Resolutie Beeldgebied (μm) Laterale resolutie (nm) Tijd per afbeelding (minuten)
Laag 20×20 uur ≥300 ≤20
Laag 10×10 ≥156 ≤15
Laag 5×5 ≥75 ≤4
Hoog 20×20 uur ≤200 ≤20
Hoog 10×10 ≤110 ≤15
Hoog 5×5 ≤55 ≤4

Tabel 1: Typische tijden van HPICM-beeldvorming, afhankelijk van de grootte van het beeldgebied en de scanresolutie.

Subscription Required. Please recommend JoVE to your librarian.

Discussion

Om succesvolle HPICM-beelden te verkrijgen, moeten gebruikers een geluidsarm en trillingsarm systeem opzetten en geschikte pipetten produceren. We raden ten zeerste aan om AFM-kalibratiestandaarden te gebruiken om de stabiliteit van het systeem te testen voordat u probeert live cell imaging uit te voeren. Zodra de resolutie van het systeem is getest, kunnen gebruikers overwegen om vaste organen van Corti-monsters af te beelden om vertrouwd te raken met de beeldvormingsinstellingen voordat ze live cell imaging proberen.

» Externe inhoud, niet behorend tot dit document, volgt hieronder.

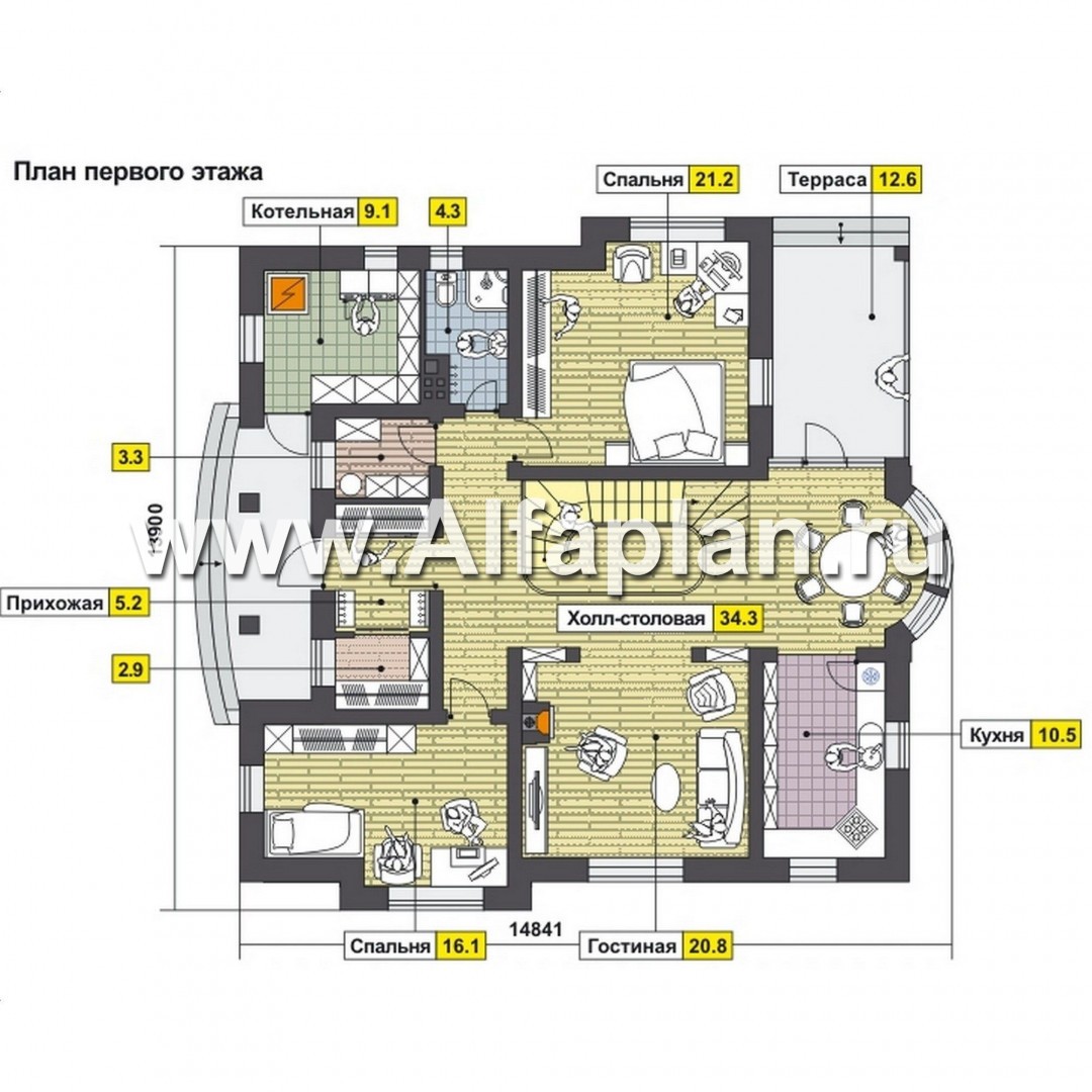 Первый этаж загородного дома снабжен всем необходимым для комфортного проживания. В левом крыле располагается котельная. Рядом находится спальная комната, имеющая выход на террасу. Вторая спальня спроектирована в правой части коттеджа и соседствует с просторной гостиной. Место для отдыха и приема гостей соединено с холлом-столовой, что является практичным архитектурным решением. Приготовить любимые блюда можно в кухне, которая имеет достаточные для этого размеры.

Het optimale instelpunt voor beeldvorming varieert tussen verschillende pipetten, afhankelijk van de individuele vorm van hun uiteinden (die onbekend is totdat deze door elektronenmicroscopie wordt onderzocht) en van de hoeveelheid vuil die aan de punt is bevestigd, die ook onvoorspelbaar is. Nanopipettes met een optimaal instelpunt hoger dan 0,7% moeten worden weggegooid.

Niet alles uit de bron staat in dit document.